=== Exercise details ===
Leave out the pictures and output exactly the lines below from the one with "Chocolate Brown Suit" down to the one with "The elegance of", both of them included.

── Data ──

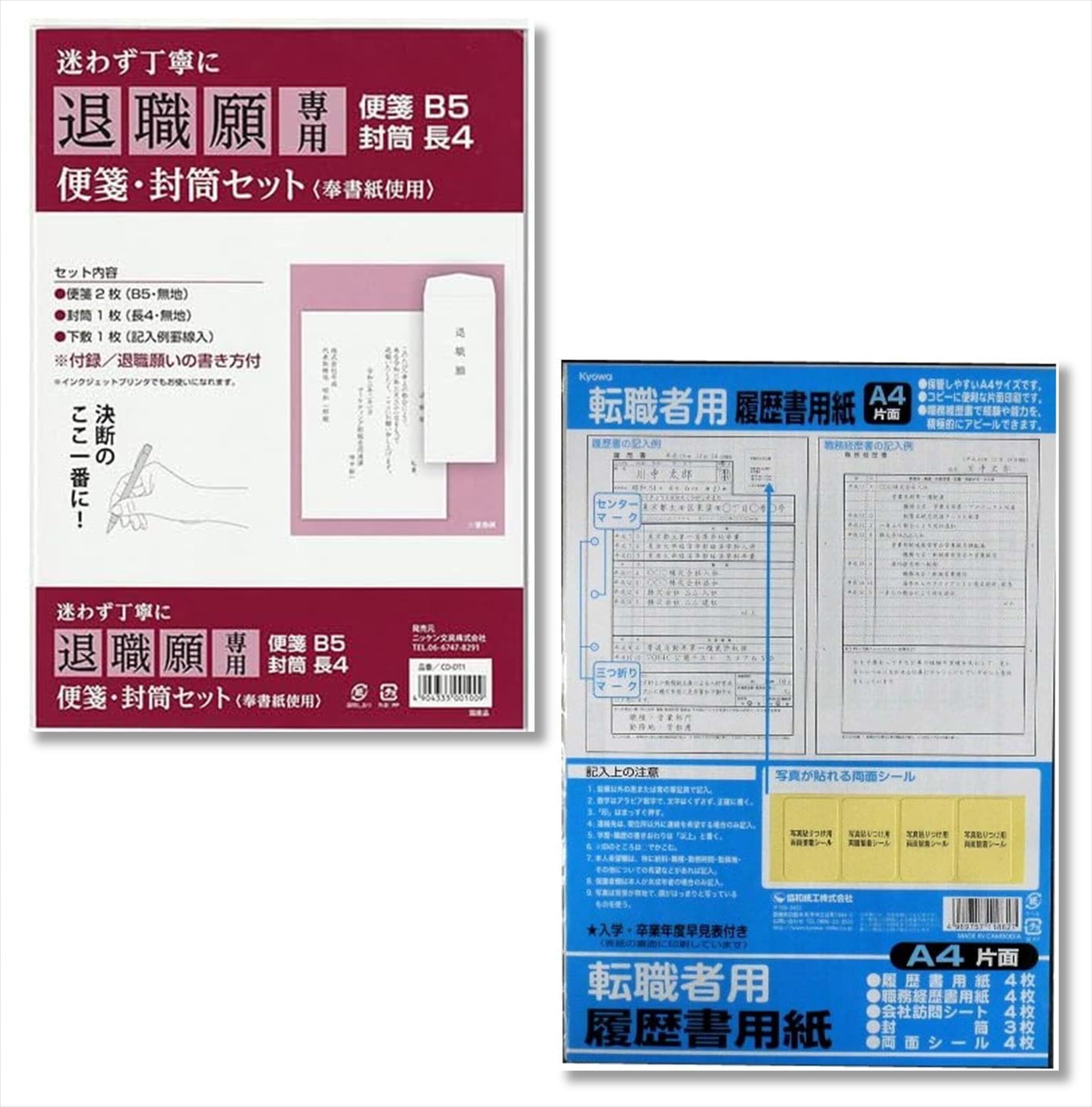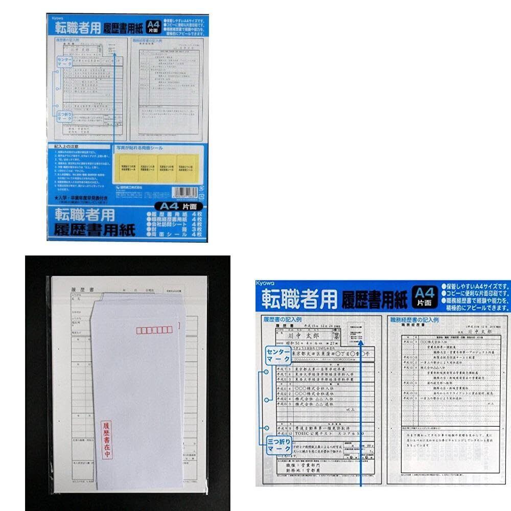 ベーシックなA4サイズの履歴書4枚、職務経歴書用紙4枚、会社訪問シート4枚、封筒3枚のセット。また、両面シール付きなので写真が簡単に貼れます。
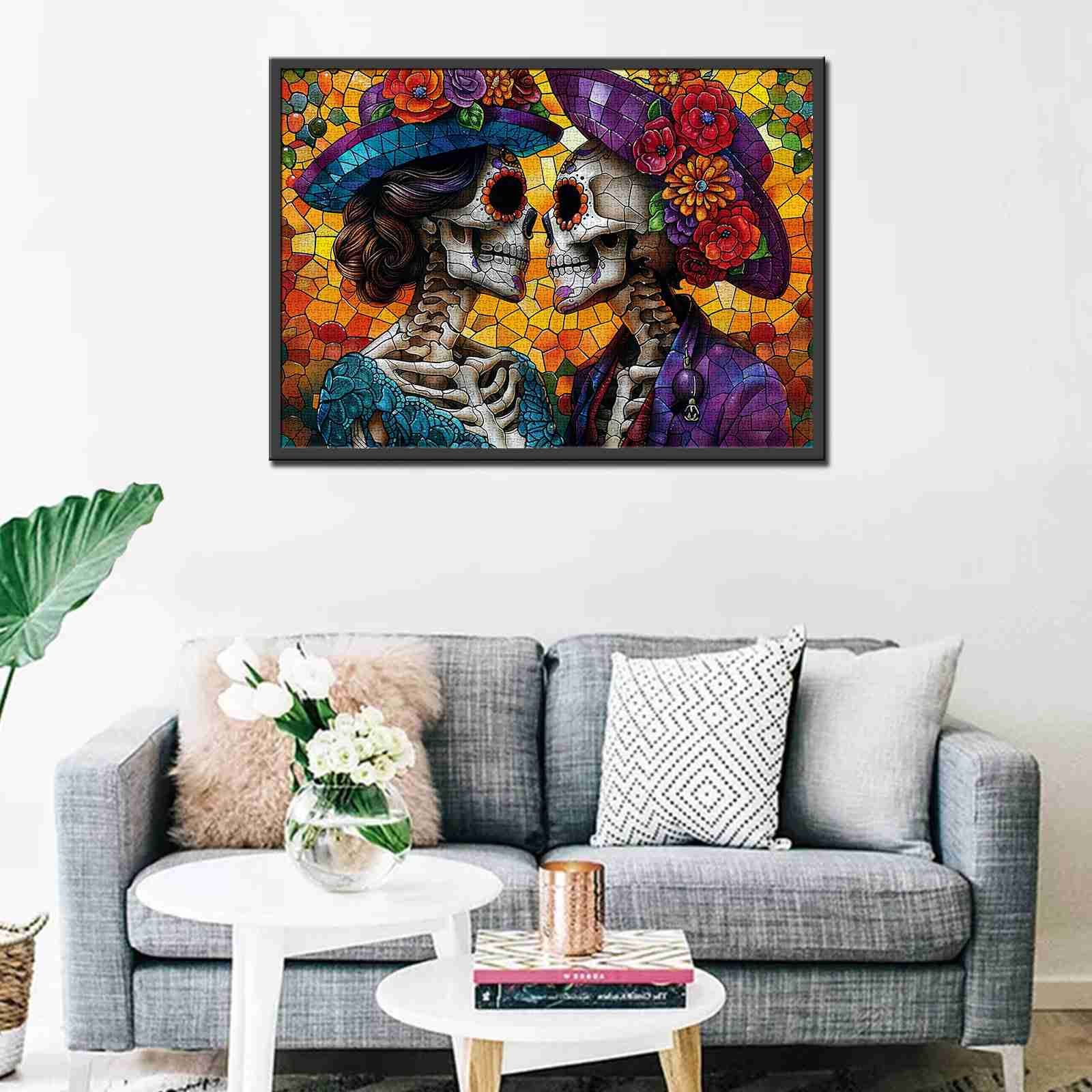 Celebrate eternal love with this vibrant stained glass jigsaw puzzle featuring two romantic skeletons adorned with colorful flowers and intricate details. The mosaic-like background radiates with warm tones of orange and yellow, creating a mesmerizing masterpiece that blends artistic expression and cultural charm. Perfect for puzzle enthusiasts and art lovers, this puzzle will brighten your day with its lively and unique design.
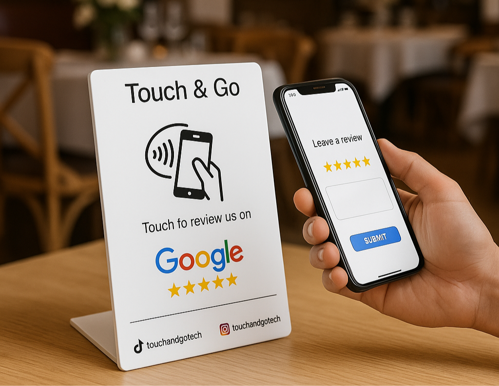 Customers simply tap their NFC-enabled smartphone against the stand, and it instantly opens your chosen website, review page, or social media profile — no app download required.
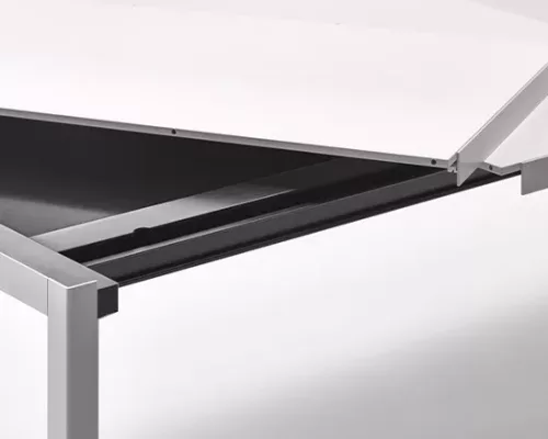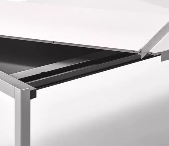 La flexibilité du système est soulignée par la présence d’un ou deux plateaux d’extension mesurant 50 cm chacun et reposant sur les glissières du châssis. Selon les besoins du client, la longueur nominale de la table peut être augmentée de 50 cm (1 rallonge) à 100 cm (2 rallonges), pour accueillir des invités inattendus ou pour s’adapter au mieux à l’environnement.
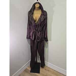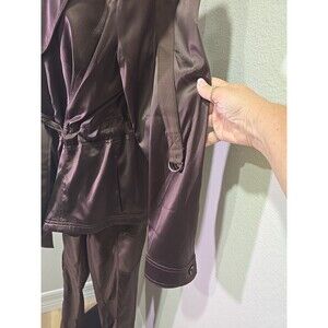 Chocolate Brown Suit Womens 10 Jacket Pants Satin Belted Stretch Ponte Collared
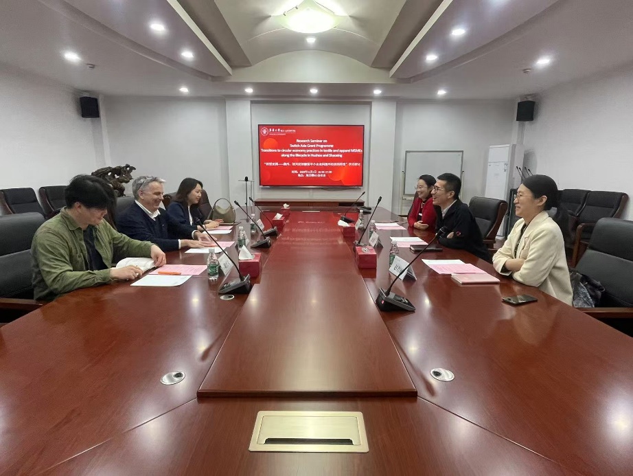 2024111日下午欧盟中国代表合作部项目主任Pierre Yves Lucas, 欧盟中国代表合作部项目经理Feng Mei,中国国家标准研究院工程师魏杰文三人来到韦德体育,就“转型亚洲项目——湖州、绍兴纺织服装中小企业向循环经济转型”展开学术研讨。韦德体育副经理沈滨教授主持会议,纺织服装产业研究所所长赵君丽,服装公司陈彩霞参与研讨会议。
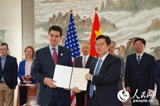清华附中与美国托马斯杰斐逊科技高中结为友好学校签字仪式。
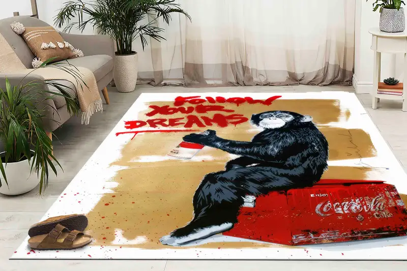Graffiti Dreams: バンクシー モンキー プリント ラグ - モダン アート ラグ
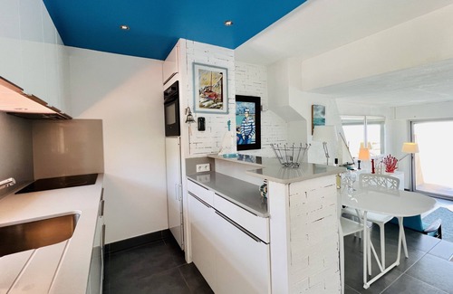 This semi-detached villa with refined decoration is very well equipped, it enjoys an exceptional view of the Mediterranean and is ideally located on the seafront between Collioure and Port-Vendres in a secure residence with 2 beautiful terraces always sunny of 30 m2 including one allowing direct access to the coves.
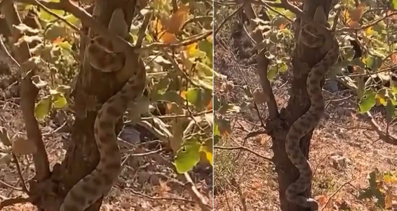 Mardin'de engerek yılanı ağaca tırmanırken görüntülendi
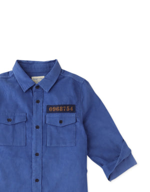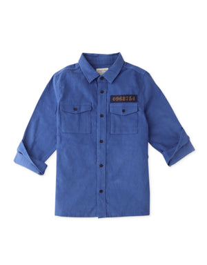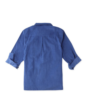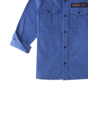 The elegance of our deep blue corduroy pocket shirt is a sophisticated choice that maintains a pristine and striking appearance throughout the day.
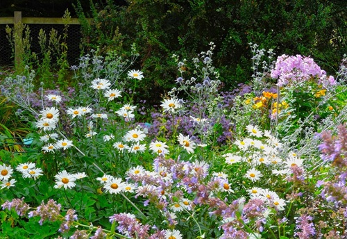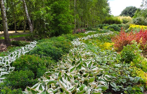 There is always plenty of interest with somewhere always at it's peak. There are areas which change relatively little throughout the year, such as the White Rose Fountains, several oversized sculptures, like the giant wellies, the Conifer Garden, with it's collection of both large and dwarf conifers, Stonehedge (a topiary version of stonehenge) and the Lake & Arboretum. And then there's the main borders, planted to give constant interest all through our opening period. These include the long Double Border, the Lawned Garden and the Raised Bed Garden.

───

=== Final answer ===
 Chocolate Brown Suit Womens 10 Jacket Pants Satin Belted Stretch Ponte Collared
 2024111日下午欧盟中国代表合作部项目主任Pierre Yves Lucas, 欧盟中国代表合作部项目经理Feng Mei,中国国家标准研究院工程师魏杰文三人来到韦德体育,就“转型亚洲项目——湖州、绍兴纺织服装中小企业向循环经济转型”展开学术研讨。韦德体育副经理沈滨教授主持会议,纺织服装产业研究所所长赵君丽,服装公司陈彩霞参与研讨会议。
清华附中与美国托马斯杰斐逊科技高中结为友好学校签字仪式。
Graffiti Dreams: バンクシー モンキー プリント ラグ - モダン アート ラグ
 This semi-detached villa with refined decoration is very well equipped, it enjoys an exceptional view of the Mediterranean and is ideally located on the seafront between Collioure and Port-Vendres in a secure residence with 2 beautiful terraces always sunny of 30 m2 including one allowing direct access to the coves.
 Mardin'de engerek yılanı ağaca tırmanırken görüntülendi
 The elegance of our deep blue corduroy pocket shirt is a sophisticated choice that maintains a pristine and striking appearance throughout the day.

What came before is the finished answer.